Initial Whole-Genome Sequencing of Plasma Cell Neoplasms in First Responders and Recovery Workers Exposed to the World Trade Center Attack of September 11, 2001

Abstract

Purpose: The World Trade Center (WTC) attack of September 11, 2001 created an unprecedented environmental exposure to known and suspected carcinogens. High incidence of multiple myeloma and precursor conditions has been reported among first responders to the WTC disaster. To expand on our prior screening studies, and to characterize the genomic impact of the exposure to known and potential carcinogens in the WTC debris, we were motivated to perform whole-genome sequencing (WGS) of WTC first responders and recovery workers who developed a plasma cell disorder after the attack.

Experimental design: We performed WGS of nine CD138-positive bone marrow mononuclear samples from patients who were diagnosed with plasma cell disorders after the WTC disaster.

Results: No significant differences were observed in comparing the post-WTC driver and mutational signature landscapes with 110 previously published WGSs from 56 patients with multiple myeloma and the CoMMpass WGS cohort (n = 752).
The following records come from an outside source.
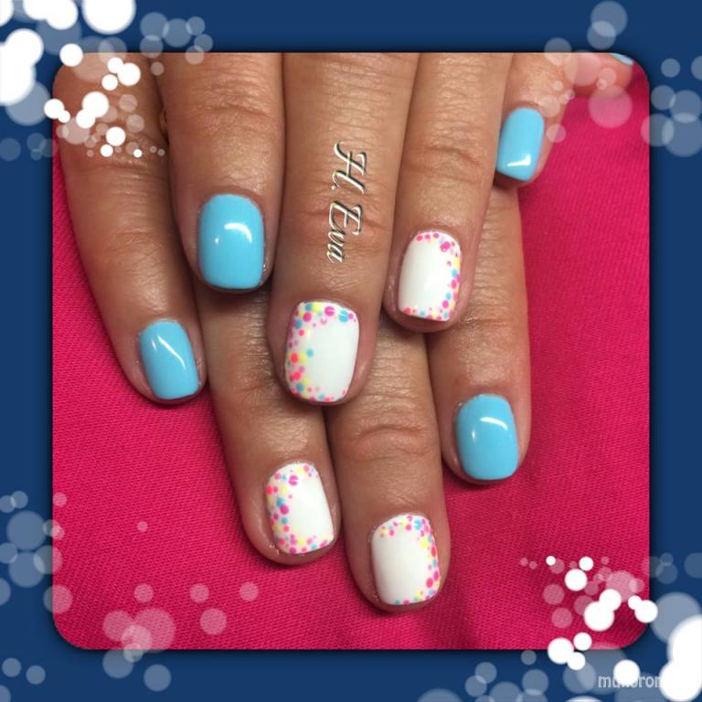 A fent látható "Pöttyös " elnevezésű műköröm minta Horváth Éva, Budapest 14. ker.i műkörmös munkája. A kép 2016-04-14 19:50:01-kor került feltöltésre a Gél Lakk kategóriába sorolva, mely immáron 16634 db Elite körömszalon által feltöltött köröm mintát tartalmaz. A kategóriában szereplő további műköröm minták megtekinthetőek a mukorom.hu weboldalon.
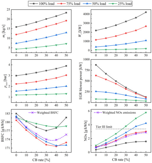 As presented in Figure 8, the turbine power and exhaust gas mass flow increase with the increase of the CB rate at all investigated loads. Consequently, the adverse impacts for the EGR system operation on the compressor are attenuated. As shown in Figure 7, the compressor operating points for all investigated loads almost approach their position corresponding at the TII mode (0% EGR rate) whilst the CB rate increases to 50%. The scavenge air receiver pressure is also restored close to the respective levels at the TII mode. As a result, the engine BSFC is improved compared to the case of the closed CB valve, whereas the NOx emissions gradually increase. The minimum BSFC values are exhibited in the region of 30–40% CB rate, depending on the engine load. This is attributed to the compressor efficiency, which gradually approaches its peak value and then is reduced. It is deduced from Figure 7 that an optimal point of the CB rate exists for every load that minimises the BSFC, whilst the compliance of the weighted NOx emissions to the TIII limits is ensured. The CB rate optimal values (to achieve the lowest BSFC) are 40% for 25%, 50%, and 75% loads, whereas it is 30% for 100% load. Considering the weighted BSFC, the CB rate optimal value is about 35% and provides the minimum weighted BSFC of about 173.6 g/kWh.
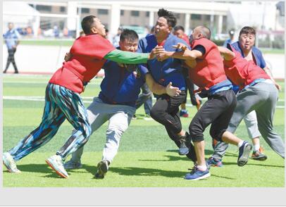 7月13日,在内蒙古自治区第九届少数民族传统体育运动会男子九人制抢枢循环赛中,通辽市代表队队员与乌海市代表队队员进行拼抢。
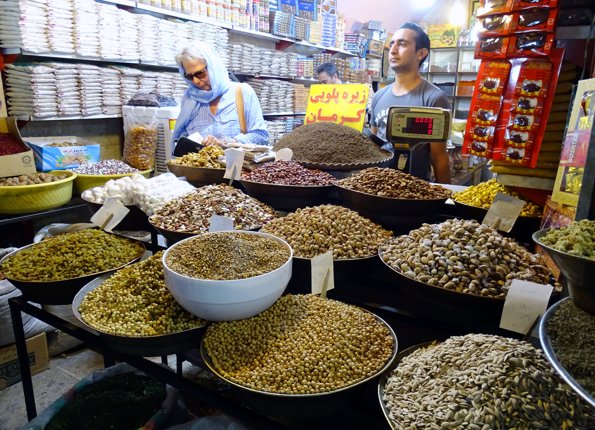 Ondertussen zijn we aardig verhit geraakt en zijn blij dat we via de koelere overdekte bazaar terug naar het hotel kunnen lopen. ’s Middags is alles gesloten, een soort siësta, maar vanaf ca. 16.00 komt er weer bedrijvigheid en ’s avonds is het er een drukte van belang. We passeren oogverblindende spiegelwinkels en net zo schitterende goudwinkels waar bijna alles bezet is met glimmende stenen. Iraniërs houden van blingbling!
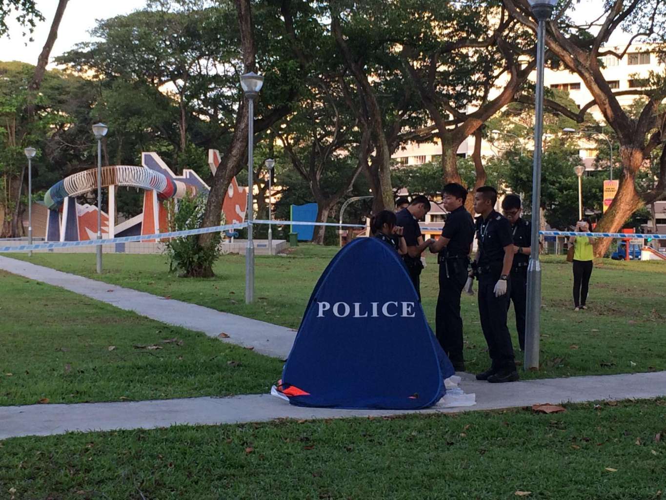 When the retiree got closer, she realised he was dead, as his neck was twisted in an unnatural position, she told The Straits Times.
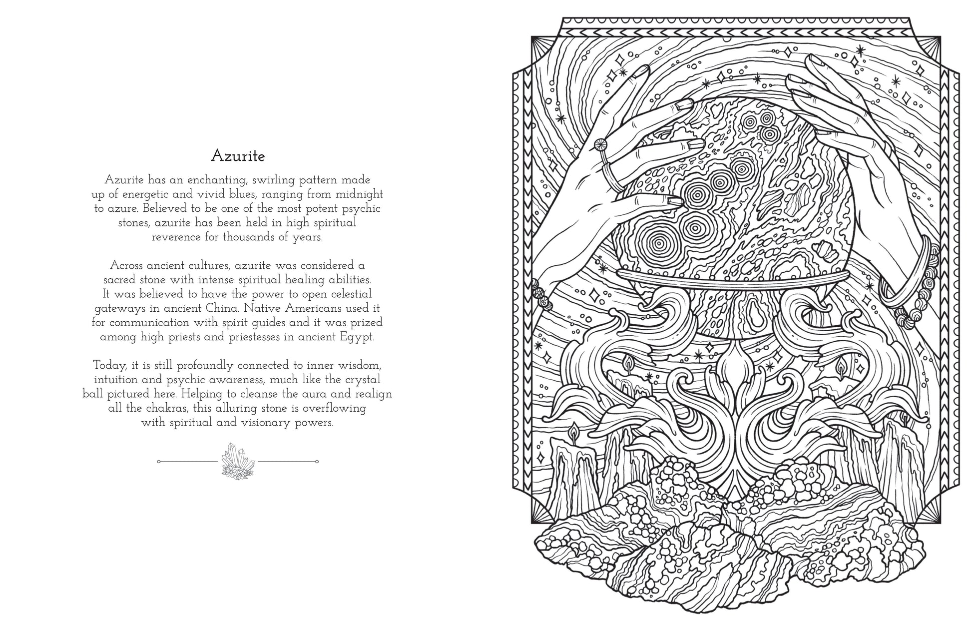 Explore the mystical qualities of 45 crystals, gems and minerals, with stunning images to colour that invoke their powerful meanings. Each intricate illustration sits opposite a page of text that explores the multifaceted significance of each gem, the guidance it might offer readers, the associated chakra, and tailored advice on the colours to use. The back cover features colour photos of all the crystals, so readers can create accurate depictions if they wish.
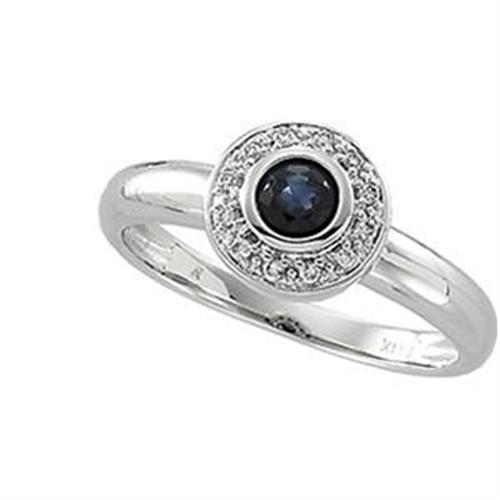 Vintage Style 14k White Gold ring featuring a Genuine Blue Sapphire encircled by Diamonds. This ring is a size 6 and I can easily resize it for you.

Leveraging constant activity of the single-base substitution mutational signatures 1 and 5 over time, we estimated that tumor-initiating chromosomal gains were windowed to both pre- and post-WTC exposure.
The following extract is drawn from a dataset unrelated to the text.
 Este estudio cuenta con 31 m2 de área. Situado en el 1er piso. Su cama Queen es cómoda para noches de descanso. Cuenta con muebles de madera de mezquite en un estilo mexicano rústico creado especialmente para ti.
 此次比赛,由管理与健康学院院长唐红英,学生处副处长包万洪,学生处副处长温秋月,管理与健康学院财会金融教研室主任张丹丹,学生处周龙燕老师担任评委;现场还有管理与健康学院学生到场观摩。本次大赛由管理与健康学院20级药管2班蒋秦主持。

Conclusions: Although limitations in sample size preclude any definitive conclusions, our findings suggest that the observed increased incidence of plasma cell neoplasms in this population is due to complex and heterogeneous effects of the WTC exposure that may have initiated or contributed to progression of malignancy.

Figure 1.

Multiple myeloma genomic driver landscape in the World-Trade Center (WTC) cohort. The prevalence of each genomic driver is compared to that observed in 752 multiple myeloma patients enrolled in the CoMMpass trial with whole exome and low-coverage long-insert whole genome sequencing data available. HRD = hyperdiploid; MGUS = Monoclonal gammopathy of undetermined significance; SMM = smoldering multiple myeloma; MM = multiple myeloma; PCL = plasma cell leukemia. Only fully clonal copy number were reported for the WTC cohort.

Figure 2.

Mutational signature landscape in first responders and recovery workers exposed to the WTC disaster. A) Relative contribution of each mutational signature in the WTC cohort and in a validation set including 110 available WGS from 56 patients. B) Mutational signatures differences between clonal and subclonal CNVs in each case with more than 50 subclonal mutations. The confidence interval of each mutational signature estimate was generated by drawing 1000 mutational profiles from the multinomial distribution, each time repeating the signature fitting procedure (mmsig), and finally taking the 2.5^th and 97.5^th percentile for each signature.

Figure 3.

Timing multi-chromosomal gain events in first responders and recovery workers exposed to the WTC disaster with multiple myeloma and precursor conditions. A) Molecular time estimated for each clonal gain and copy-neutral loss of heterozygosity in the WTC cohort. Blue dots and lines represent the molecular time estimates and the 95% confidence intervals, respectively. Only large chromosomal gains (>1 Mb) with more than 50 clonal single nucleotide variants were considered. B) Absolute timing of each multi-gain event in relation to the WTC attack and the patient’s age at diagnosis for 6 evaluable patients. Dark blue and grey dots represent the first and second multi-gain events, respectively, with 95% confidence intervals. Blue dots represent MGUS diagnosis and red dots represent multiple myeloma diagnosis. The dotted line represents September 11, 2001.